The Abolitionist of the Year Award

12 January 2017 :


DEDICATION
 
To Martin O’Malley
Governor of Maryland
 
On 2 May 2013, Maryland became the 18th U.S. State and the sixth State in six years to abolish capital punishment when Governor Martin O’Malley signed legislation outlawing capital punishment at a crowded ceremony of immense symbolic significance. Attending was one-time Maryland death row inmate Kirk Bloodsworth, who was the first person in the U.S. freed because of DNA evidence after being convicted in a death penalty case.

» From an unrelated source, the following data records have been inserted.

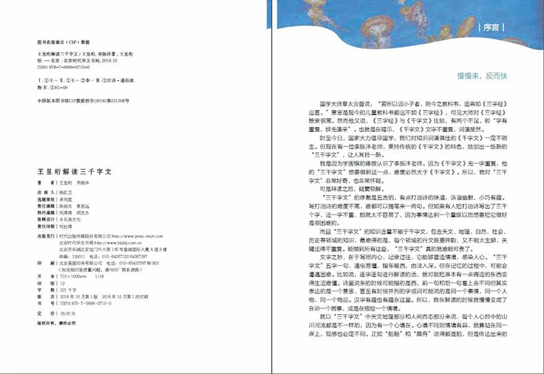 Древний“ тысячи персонажей”, сегодня есть“”. В качестве просветления полный текст повторяется без одного слова. Содержание -всеобъемлющий, охватывающий знание астрономии, географии, природы, общества, истории, культуры, искусства и других аспектов.Текст великолепен, а рифма аккуратная. Эта книга интерпретирует три тысячи слов, объединяя графику и текст, и все иллюстрации из Ван Южэнга.Линии живописи трехмерны и прекрасны; Замечательная интерпретация и реалистичные иллюстрации дополняют друг друга, делая текст рожденным из -за карты, и картина разумная из -за текста. |
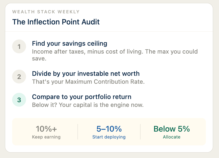 This is what it means to be an allocator. And the inflection point math tells you exactly when you've arrived. When your Maximum Contribution Rate (the most you can save, divided by your investable net worth) drops below 5%, your capital is structurally the dominant driver of your wealth. The quality of your allocation decisions matters more than anything your paycheck can contribute.
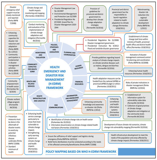 The Sendai Framework for Disaster Risk Reduction (SFDRR)2015–2030 aims to prevent new, and reduce existing, disaster risks, outlining targets and priority action plans for all member states. The framework drives significant progress in developing institutions and policies for mitigating disaster risks, it highlights “health” as both means and a goal. The health-focused measures are cited as a means to reduce disaster losses. Four out of the seven global targets are directly related to health [1]. To promote effective implementation of the SFDRR, the World Health Organization (WHO) published the Health Emergency and Disaster Risk Management (Health-EDRM) framework to set core principles and approaches that guide policy and practice of responses from international to local level [2]. It also recognizes that health should be centrally embedded in the current risk management institutions. The approaches are needed to align policies and actions to manage the steep rise in climate-related disaster events [3,4]. The presumption was (and is) that critical components including defined structures, roles, and responsibilities of governments and other actors present an opportunity to mitigate the increased disaster risks. There has been much discussion about disaster management policies to implement surveillance, early warning, and alert systems that enhance emergency preparedness for response across all hazards [5,6,7]. However, in Indonesia several studies showed that policies at the national level are not adequately responded to at the provincial and local levels [8,9,10,11].
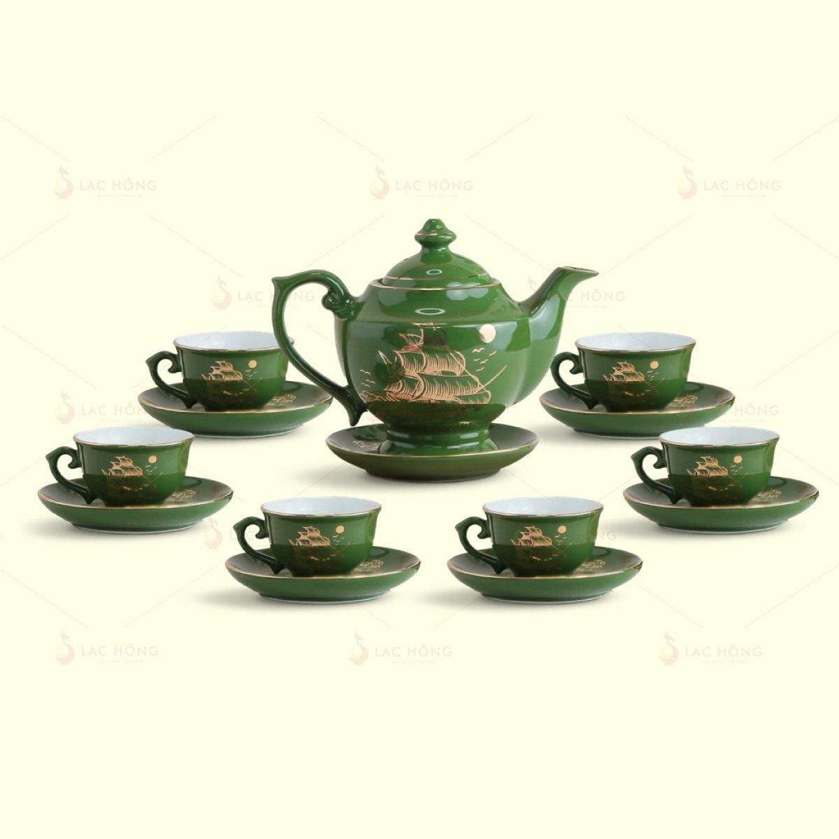 BỘ TRÀ THẦN ĐÈN MEN LỤC THUẬN BUỒM KẺ VÀNG
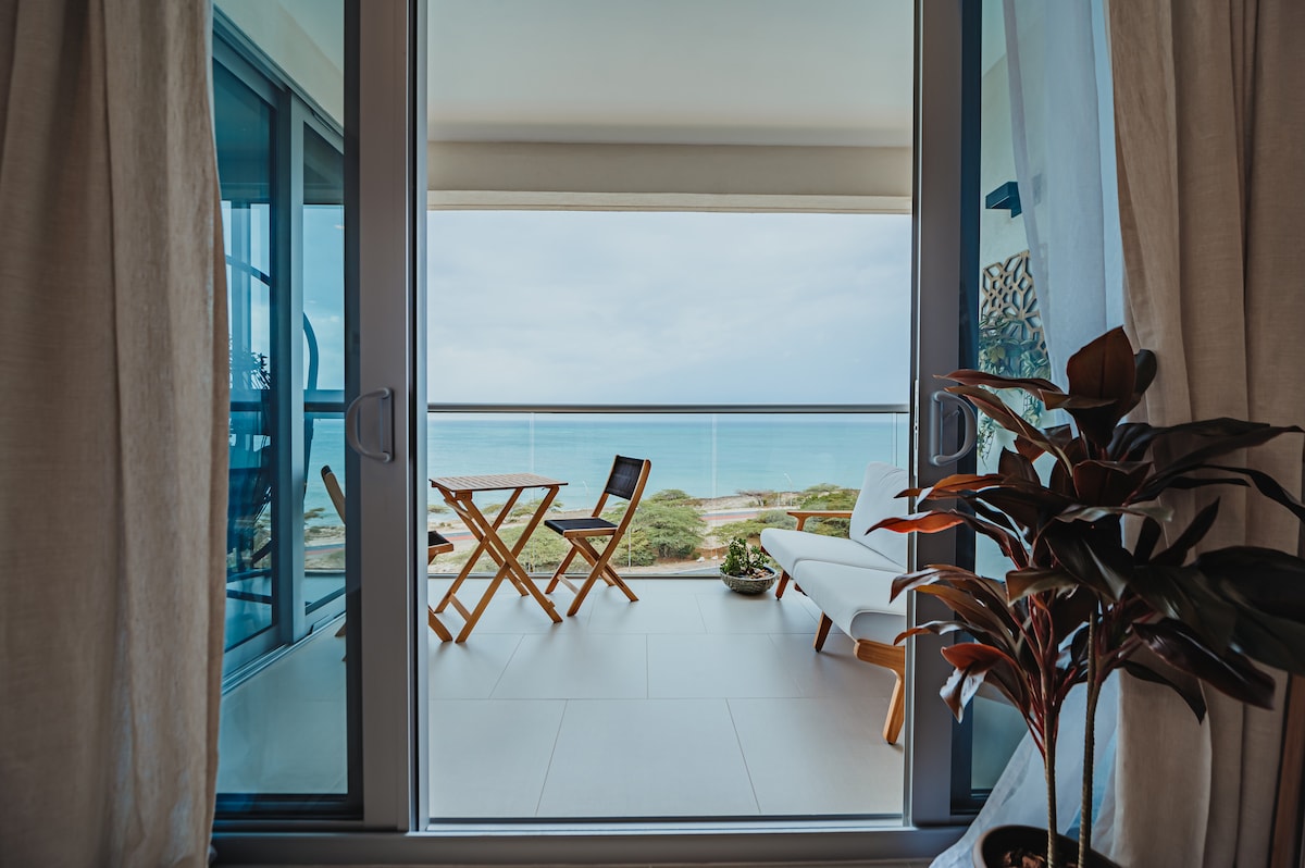 Falleg íbúð með sjávarútsýni á 6. hæð í glænýju Azure Residencies. Vistvæn hönnun með innblæstri. Staðsett á fallegustu ströndinni í Aruba - Eagle Beach. Glæsilegt útsýni yfir hafið úr stofunni, hjónaherbergi og rúmgóðar svalir. Azure Residencies eru með tvær endalausar sundlaugar, nuddpottur, leikjaherbergi, veitingastaður, verslanir, fullbúin líkamsræktarstöð og móttaka til að hjálpa til við dvölina. 5 mín ganga að Eagle Beach og 10 mín ganga að Palm Beach. Hreinn galdur!
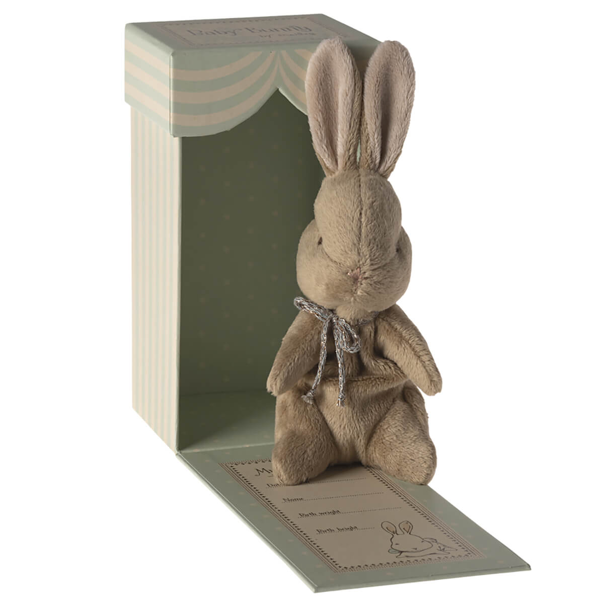 My first bunny in a box by Maileg. My first bunny is perfect for small hands. It is made in a soft plush quality and has a coloured ribbon around the neck. It comes in a beautiful gift box, inside you can add the birth information.
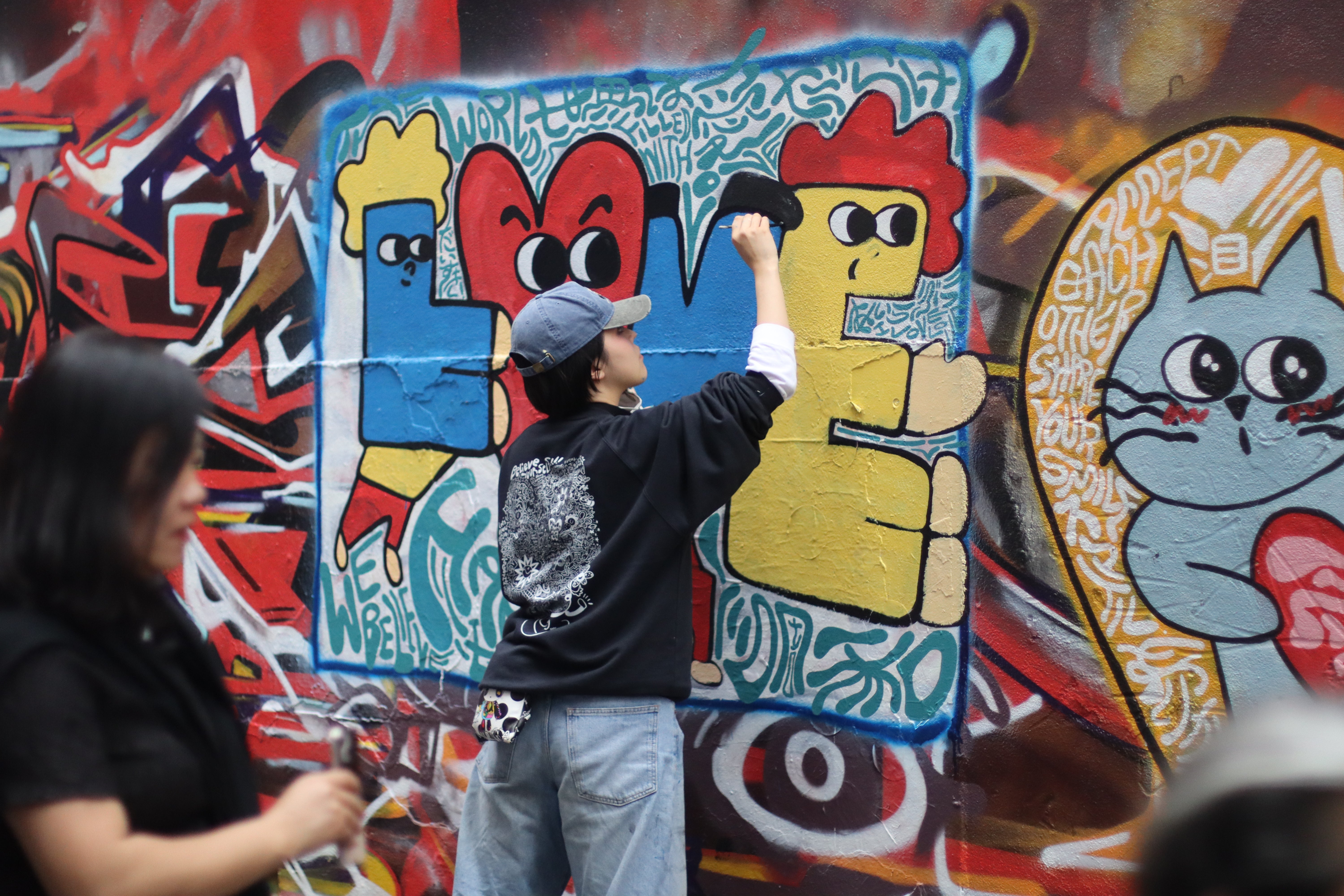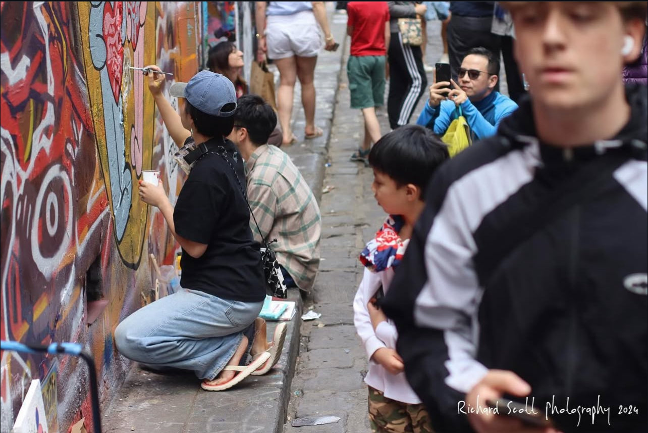 This mural began with the theme “LOVE YOURSELF.” On the final day, a huge LOVE suddenly came down from the sky...I just had to paint it! It felt like a gift from the spirit of Hosier Lane, carried on the good vibes of Melbourne.

“There are practical reasons why momentum is steadily shifting toward repeal,” O’Malley said. “The death penalty is expensive, it does not work, and it is administered with a clear racial bias. Repealing it is a matter of justice, a matter of public safety, and a matter of effective governance.”
O’Malley, a former Baltimore Mayor and Prosecutor, has lobbied lawmakers for seven years to pass legislation to end capital punishment. In 2008, he instituted a study on the death penalty and in 2009 he asked State Congress to pass abolitionist legislation. After this attempt at new legislation, O’Malley slowed the review of lethal injection protocols subsequent to changes in the drugs utilized in the procedure. The new protocol was never approved, O’Malley having successfully impeded further executions in Maryland.
The new abolitionist legislation was approved by the State Senate on 6 March and by the State House of Representatives on 15 March. While the law is not automatically retroactive, O’Malley announced that he would examine the cases of five inmates on death row with an eye towards clemency.
The abolition of capital punishment was the first of a series of measures to get the Governor’s signature during a ceremony that included other socially liberal measures passed during the legislative session. O’Malley also signed bills to strengthen gun control, legalize medical marijuana, allow undocumented immigrants to obtain driver’s licenses and in-state tuition discounts at the State’s colleges and universities.